++++ Extracted material

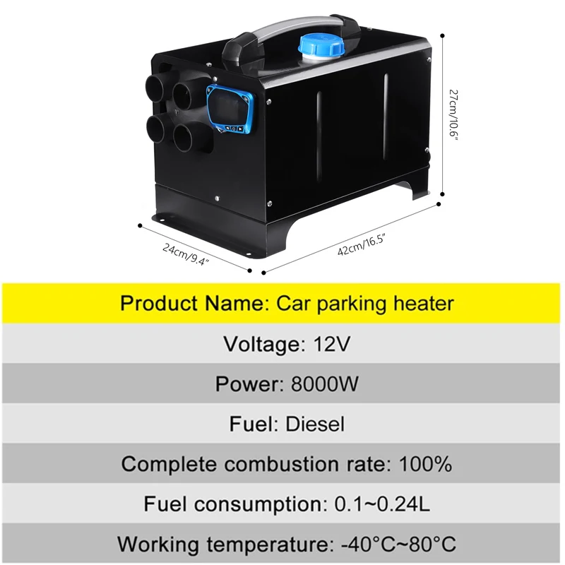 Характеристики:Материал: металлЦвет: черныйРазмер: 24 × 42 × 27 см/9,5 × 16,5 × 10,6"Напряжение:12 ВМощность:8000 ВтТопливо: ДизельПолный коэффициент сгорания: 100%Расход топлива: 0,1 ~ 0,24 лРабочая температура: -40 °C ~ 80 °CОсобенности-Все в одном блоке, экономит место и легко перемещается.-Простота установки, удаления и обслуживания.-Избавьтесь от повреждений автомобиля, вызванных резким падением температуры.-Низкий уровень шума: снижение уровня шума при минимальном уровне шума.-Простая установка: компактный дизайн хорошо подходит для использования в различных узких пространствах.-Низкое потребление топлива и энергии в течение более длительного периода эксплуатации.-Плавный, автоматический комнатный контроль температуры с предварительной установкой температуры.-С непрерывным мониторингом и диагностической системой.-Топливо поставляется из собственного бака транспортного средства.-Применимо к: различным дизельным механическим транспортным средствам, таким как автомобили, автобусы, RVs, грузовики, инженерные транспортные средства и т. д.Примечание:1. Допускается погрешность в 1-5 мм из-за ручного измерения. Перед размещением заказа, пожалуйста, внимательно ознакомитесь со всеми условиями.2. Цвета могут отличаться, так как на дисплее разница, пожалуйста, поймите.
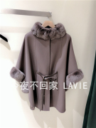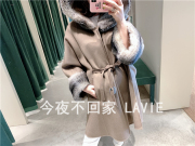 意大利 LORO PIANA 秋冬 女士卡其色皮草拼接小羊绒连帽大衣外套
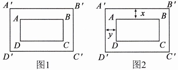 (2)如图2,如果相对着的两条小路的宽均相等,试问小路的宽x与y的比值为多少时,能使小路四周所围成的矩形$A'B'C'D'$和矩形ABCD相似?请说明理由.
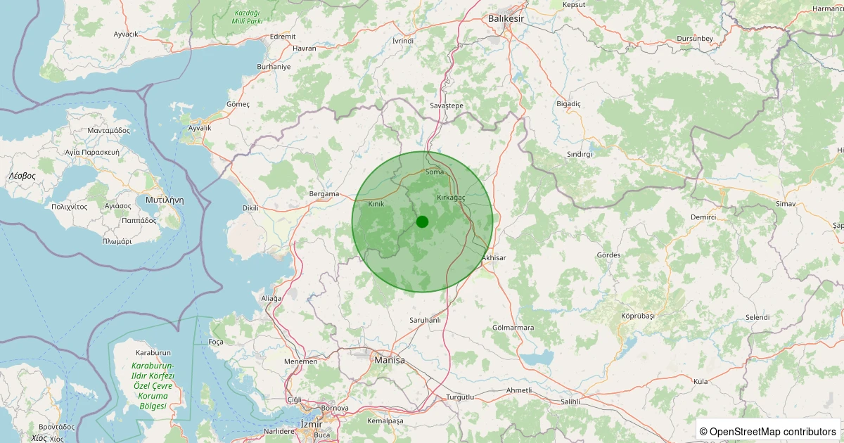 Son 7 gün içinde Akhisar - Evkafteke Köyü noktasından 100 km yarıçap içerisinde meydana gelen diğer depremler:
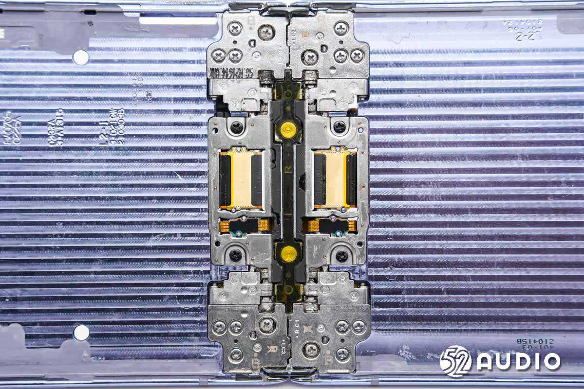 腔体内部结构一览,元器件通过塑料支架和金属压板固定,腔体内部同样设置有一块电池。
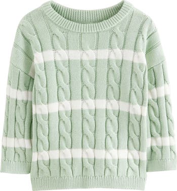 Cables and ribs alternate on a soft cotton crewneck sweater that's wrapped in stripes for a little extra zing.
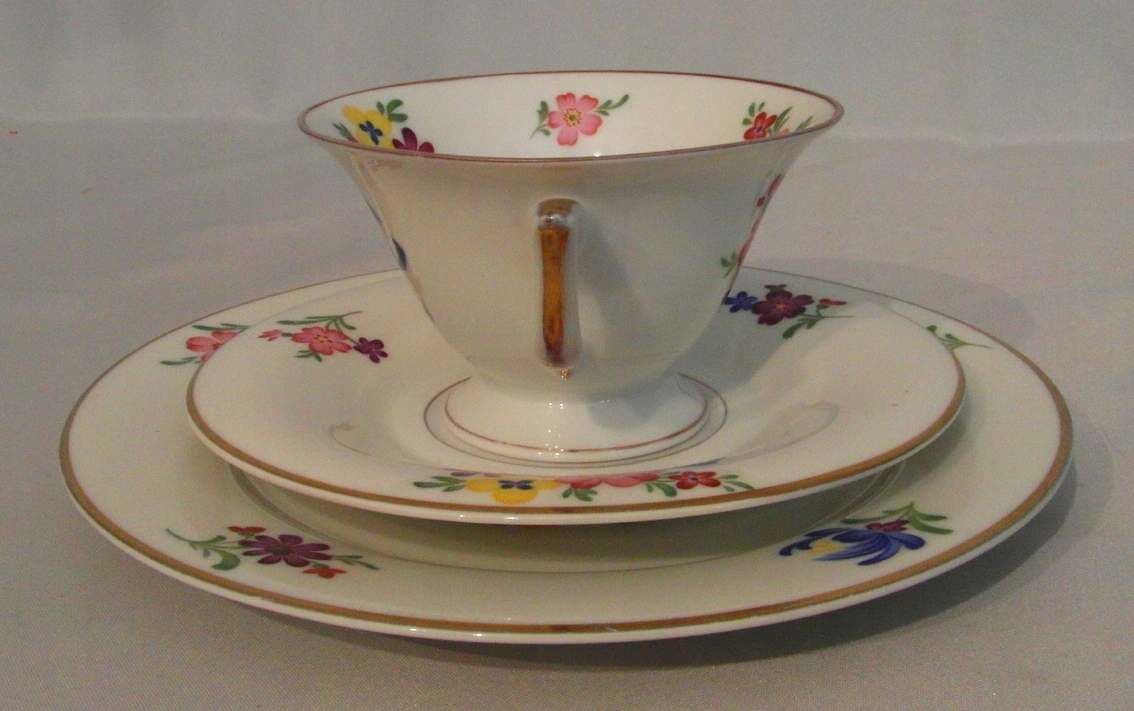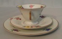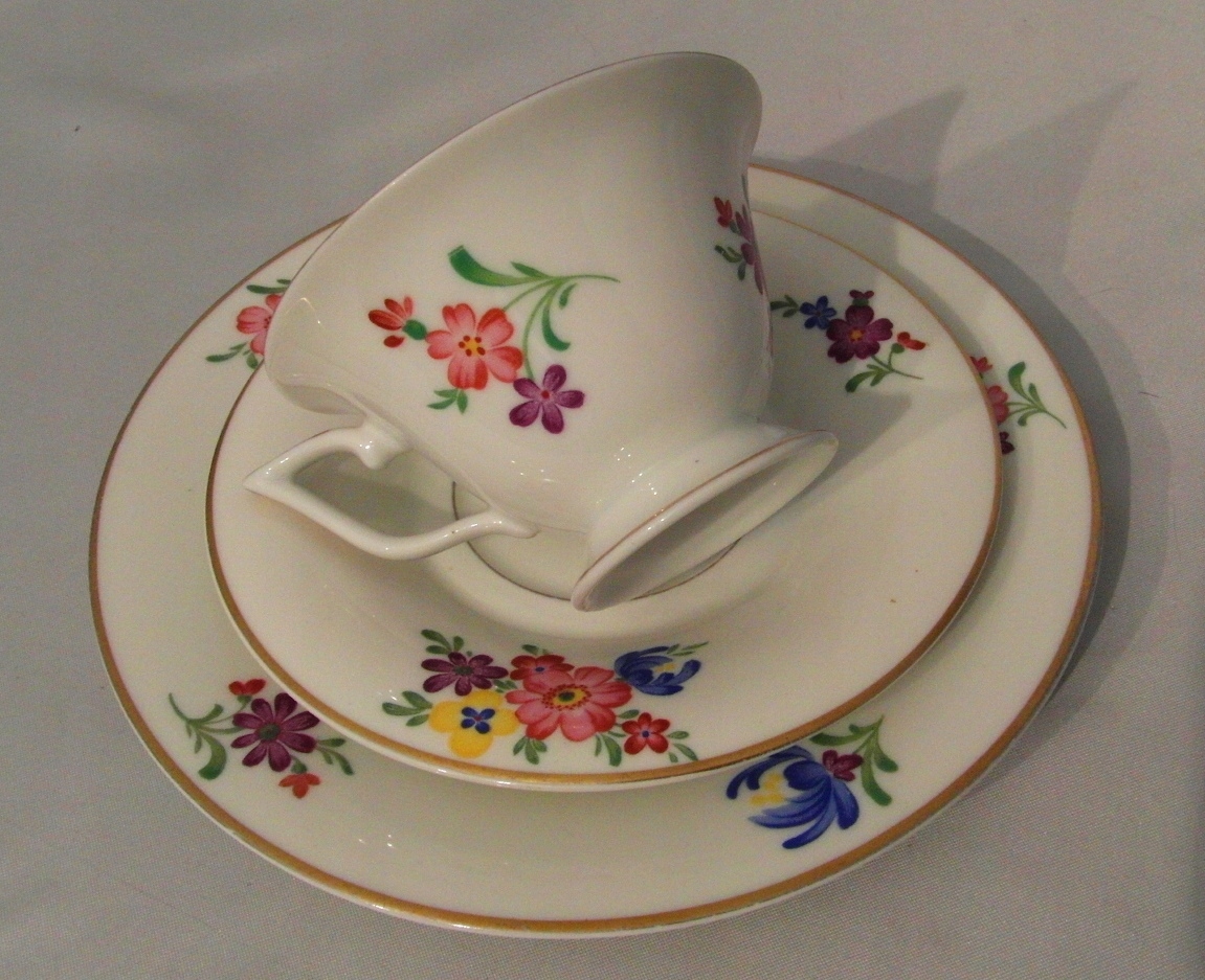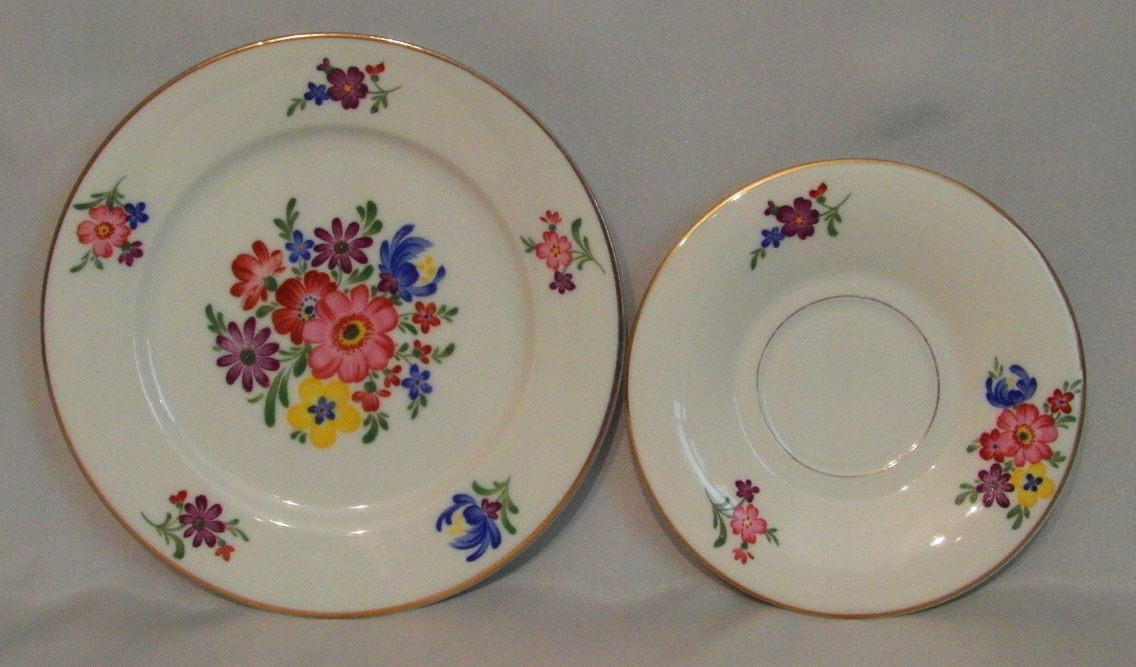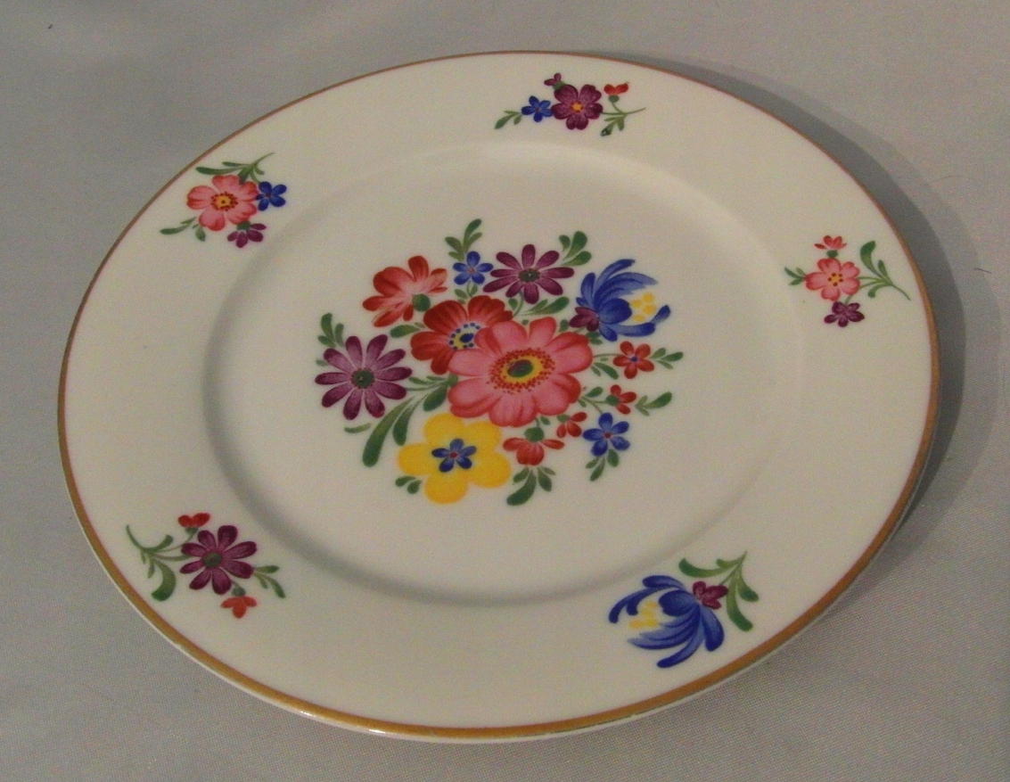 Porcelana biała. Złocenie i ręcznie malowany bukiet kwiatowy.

++++++++

Aim of the task:
Reproduce nothing but the lines running from the line with "意大利 LORO PIANA 秋冬 女士卡其色皮草拼接小羊绒连帽大衣外套" through the end of the records, keeping both end lines and dropping the pictures.

Exercise output:
 意大利 LORO PIANA 秋冬 女士卡其色皮草拼接小羊绒连帽大衣外套
 (2)如图2,如果相对着的两条小路的宽均相等,试问小路的宽x与y的比值为多少时,能使小路四周所围成的矩形$A'B'C'D'$和矩形ABCD相似?请说明理由.
 Son 7 gün içinde Akhisar - Evkafteke Köyü noktasından 100 km yarıçap içerisinde meydana gelen diğer depremler:
 腔体内部结构一览,元器件通过塑料支架和金属压板固定,腔体内部同样设置有一块电池。
 Cables and ribs alternate on a soft cotton crewneck sweater that's wrapped in stripes for a little extra zing.
 Porcelana biała. Złocenie i ręcznie malowany bukiet kwiatowy.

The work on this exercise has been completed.